The first roll of film I ever shot I went to Chinatown. I was living on the Upper West Side going to a school I didn’t particularly fit in at or like, and any chance I got, I would take the subway downtown to escape. Most times I would find myself just sitting in a coffee shop — particularly when the weather was cold. Then, I was given my camera.
It was my mother’s Canon AE-1 from the 80s; a basic 35 mm staple. I was given the camera and all her lenses, two rolls of film and the manual the camera came with. I was given no instruction on how to use the camera, no prior discussion of ISO or aperture or f-stop — I had never heard those terms before—and was told to shoot and try different “settings”, make note of them, and see what came out in a way I liked.


I had always been interested in photography and cinematography, editing and directing, but never bothered to take a class or pick up a camera (other than the cheap miniature digital cameras I made home movies on as a kid).
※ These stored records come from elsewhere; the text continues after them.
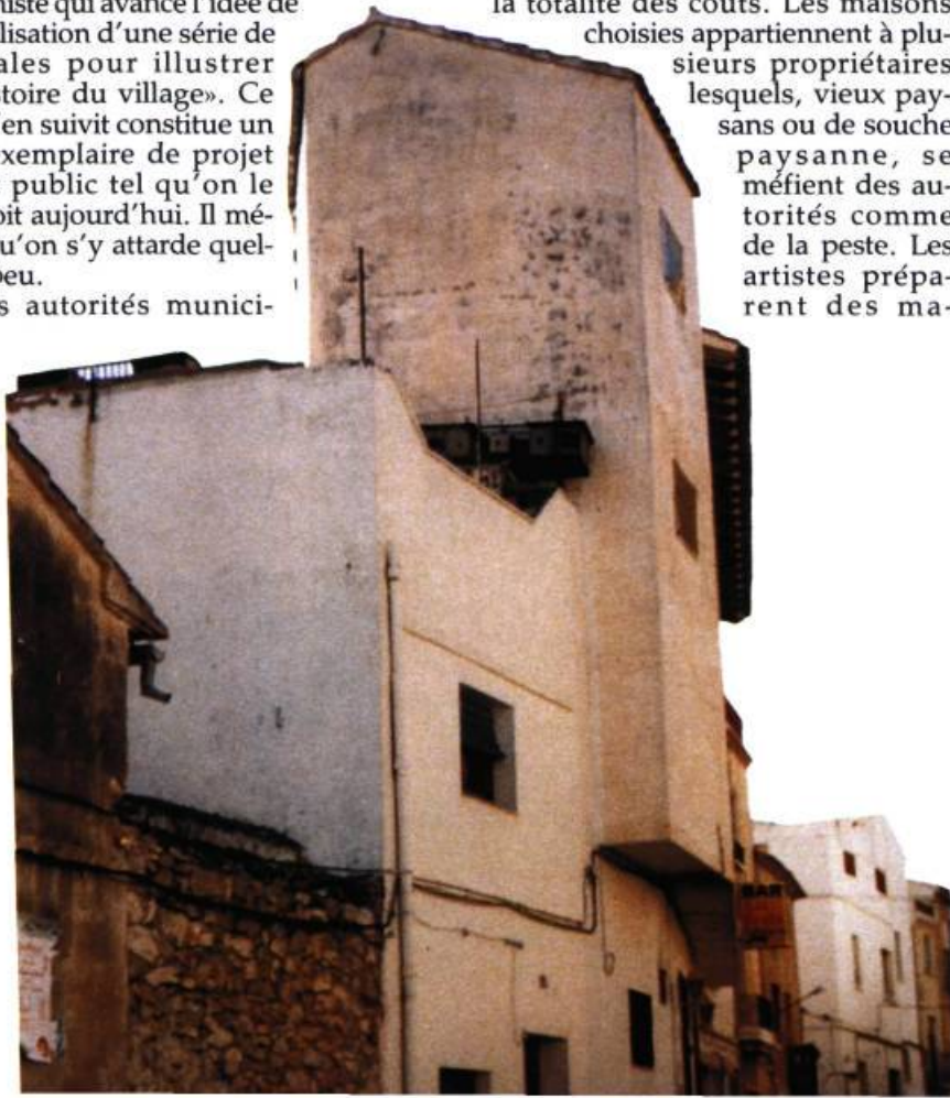
Maisons à Calpe avant l'intervention de l'artiste.

La municipalité est gagnée au projet et lui attribue un budget. Elle défrayera la totalité des coûts. Les maisons choisies appartiennent à plusieurs propriétaires lesquels, vieux paysans ou de souche paysanne, se méfient des autorités comme de la peste. Les artistes préparent des ma-
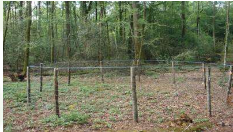
18 juin 2012
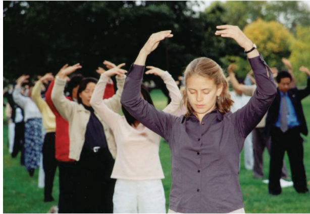
파룬따파의 아름다움은 일억에 달하는 사람들을 수련으로 이끌었다.

[밍후이왕 대륙투고] 우리 집에서 멀리 떨어진 곳에 살고 있는 조카가 폐암과 식도암으로 앓고 있다는 소식을 듣고 나는 병문안을 갔다. 그를 보는 순간 나는 깜짝 놀랐다. 70kg이던 그는 여위여 45kg 밖에 안 되었고, 화학약물 치료를 하느라 머리카락이 다 빠지고 없었다. 숨이 막혀 눕지도 앉지도 못하고, 1미터 높이로 쌓아 놓은 받침대에 무릎을 꿇고 엎드려 있었다. 그는 나를 보자 울면서 “숙모, 다 죽게 되었어요.....”라고 했다. 나는 “괜찮을 거야. 완쾌될 수 있어.”라고 말하고, 파룬따파(파룬궁)는 불가수련 대법이며, 병을 제거하고 몸을 건강히 하는 신기한 효과가 있는데 장쩌민이 질투로 파룬궁을 박해하고 있느냐 파룬따파는 이미 전 세계 100여 개 나라와 지역에 전파되었다는 것을 알려 주었다. 나는 그에게 소선대에서 탈퇴할 것을 권하고, ‘파룬따파하오(法輪大法好)’를 성심으로 외우고, 그의 부친과 아내도 시간이 있을 때마다 외우게 하라고 했다.
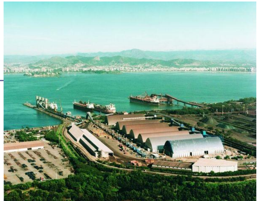
Cia. Vale do Rio Doce
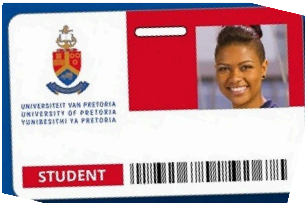
Obraz 3. University of Van Pretoria
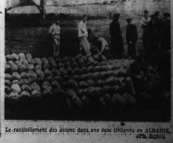
Le ravitaillement des avions dans une base italienne en ALBANIE.
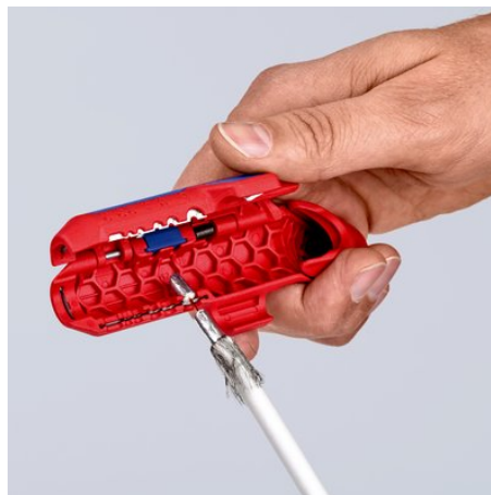
Usuwanie izolacji z kabli koncentrycznych
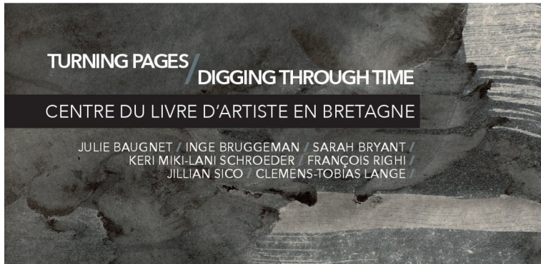
Détail du livre Kalumet de Clemens-Tobias Lange

Tél. 06.35.43.44.23 ou clab.plougonven@orange.fr
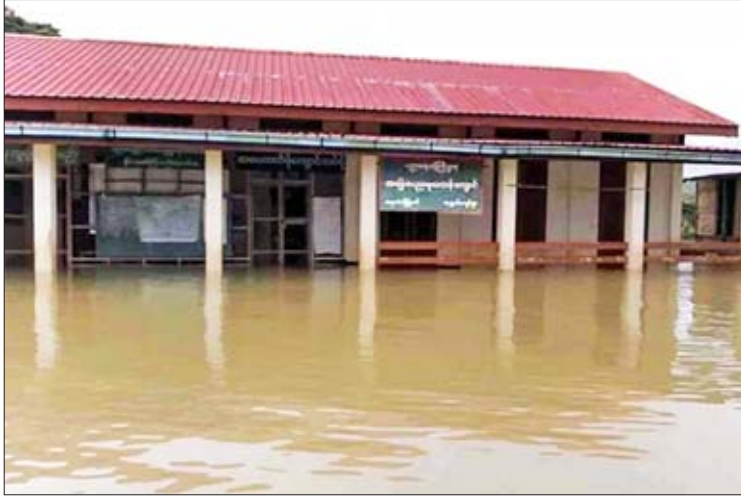
လေးကျောင်းနှင့် စက်တင်ဘာ ၃ ရက်တွင် နှစ်ကျောင်း စုစုပေါင်း အခြေခံပညာကျောင်း ပေါင်း ၁၇ ကျောင်းကို အဆိုပါကျောင်း များ၏ ကျောင်းဝင်းအတွင်းနှင့် ကျောင်းသွား လမ်းများတွင် မြစ်ရေဝင်နေခြင်း၊ လမ်းပန်း ဆက်သွယ်ရေး ခက်ခဲမှုများကြောင့်

တနင်္သာရီ စက်တင်ဘာ ၃ တနင်္သာရီတိုင်းဒေသကြီး တနင်္သာရီမြစ်နယ် အတွင်း ဩဂုတ် ၂၇ ရက်မှစ၍ (ဒုတိယ အကြိမ်) စိုးရိမ်ရေမှတ် ၁၇ ပေအထက် ကျော်လွန်ကာ စက်တင်ဘာ ၃ ရက် နံနက် ၆ နာရီတိုင်းတာချက်အရ ပေ ၂၀ နှင့် ၆ လက်မအထိ မြစ်ရေထပ်တက်နေမှုကြောင့် စက်တင်ဘာ ၃ ရက် နံနက်ပိုင်းက ခြောက်မိုင်ကျေးရွာ မူလတန်း (လွန်) ကျောင်းနှင့် ပဝထိန်ကျေးရွာ အမက ကျောင်းနှစ်ကျောင်းကို ထပ်မံပိတ်ထားရ ပြီး စုစုပေါင်း ၁၇ ကျောင်း ယာယီပိတ်ထား ရကြောင်း သိရသည်။
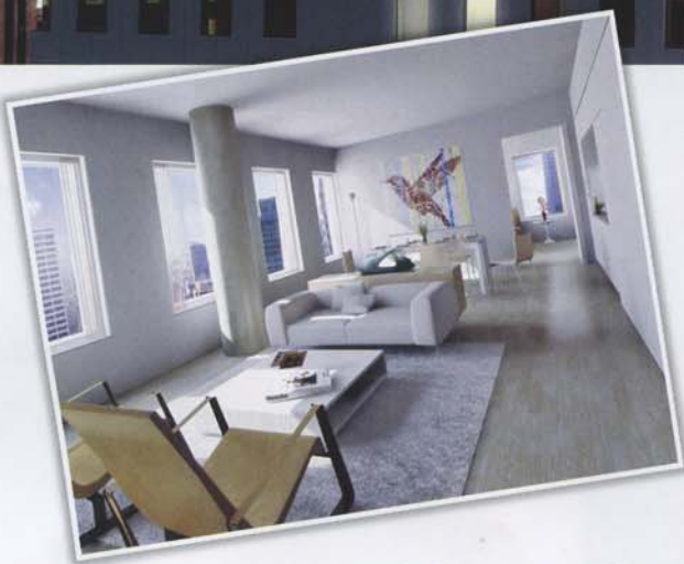
QUI SOPRA: un modello di appartamento del Cassa, l'albergo-condominio progetto di Enrique Norten che sorgerà nella zona di Midtown Manhattan. IN ALTO: un rendering dello skyline di Manhattan con il Cassa in primo piano. SOTTO: un ambiente dell'Hotel Murano a Tacoma.
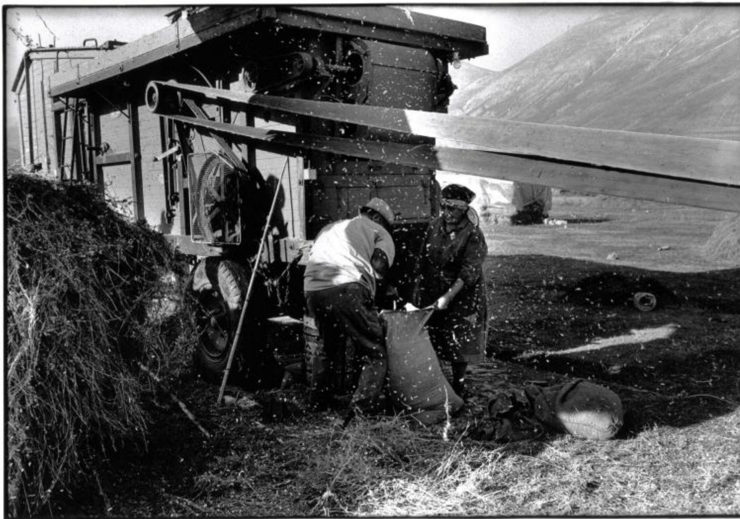
Raccolta delle lenticchie di Castelluccio 1988.
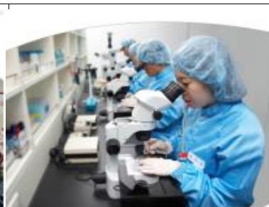
スアム生命工学研究院
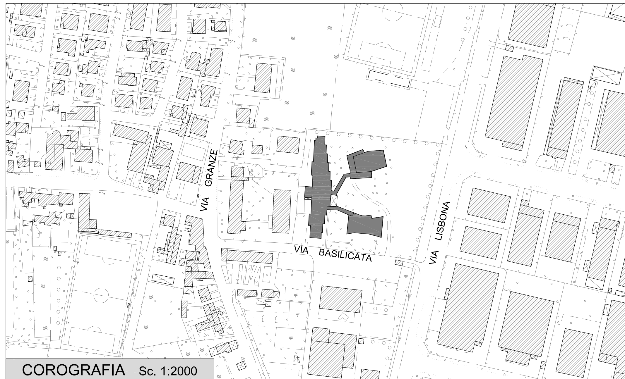
COROGRAFIA Sc. 1:2000
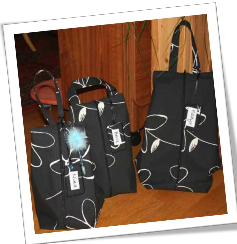
Tripp-trapp-tresko. Skovesker til far, mor og datter.

Min venninne hadde behov for skoveske til sin mann. Han hadde en tendens til å komme med sine sko etter at han hadde pakket bagen. Skoene var ikke alltid like rene som da de første gang kom ut fra skoeken.
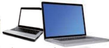
two computers 兩台電腦
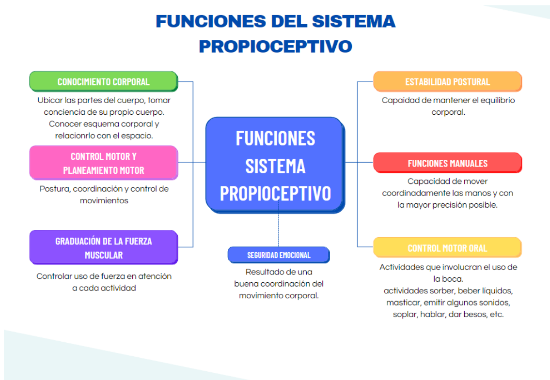
Figura 4. Funciones del sistema propioceptivo.

Elaborado por: Ma. Del Cisne Román. Fuente: (Quispe y Aronés, 2014).

More than anything, though, I had always liked the uncertainty that comes with trying something new creatively.
The first roll I shot was black and white, ilford 400 ISO film. Some of the photos came out, most didn’t.
However, I remember initially being drawn to Chinatown. Maybe it’s because of all the different signs; maybe the neon lights or the open restaurant windows with food and meat hanging; maybe it was all of the different outdoor markets and the myriad of different options out in the open. Maybe it’s how everything in Chinatown is so accessible to the eye, so out in the open, like it’s asking to be captured.

Maybe it’s the personality. There’s something comforting about how much Chinatown has to offer. It’s always alive and buzzing and emotional. Sometimes I think Manhattan’s Chinatown is what made me fall in love with photography. Some of my favorite photos to this day were taken in Chinatown, and I continue to return to take more.
And there’s something to be said about photographing Chinatown in black and white, seeing all the bustling energy and vibrant color isolate and become still. It’s poetic. It takes the beauty of a neighborhood and focuses on the obvious beauty overlooked amidst all the wonder and distractions.

I’ve tried to shoot Chinatown in color, but I keep coming back to black and white because, to me, photographs are about the moment and feeling, and the absence of color when capturing Chinatown best depicts the feeling of love and admiration I have for the neighborhood.

The sad truth is, I don’t think I still have most of the digital copies of that first roll I shot in Chinatown. At the time — and as I continued to progress in my photography— I wanted to hide those photographs. I was ashamed of them and their imperfections. That was always my issue with creative endeavors: I always became hung up on perfection or beauty looking a certain way.
I don’t spend as much time trying to make a photograph look “beautiful” or “perfect” anymore. I don’t think any photographers do. As my work and skills and understanding has grown, so has my mentality about photography. I relish in the messy or imperfect shots because sometimes there is so much beauty and personality within them, it shows through the imperfect. Photography is about many things, but one in particular stands out as a matter of continued importance: Photography is about learning to let go. To let go of fears, of boundaries, of strict rules or ideas, to let go of space or time, everything, and absorb the moment and capture the feeling of that moment — or a small detail perhaps overlooked — through the lense.


So, thank you, Chinatown, for helping my fall in love with what I love.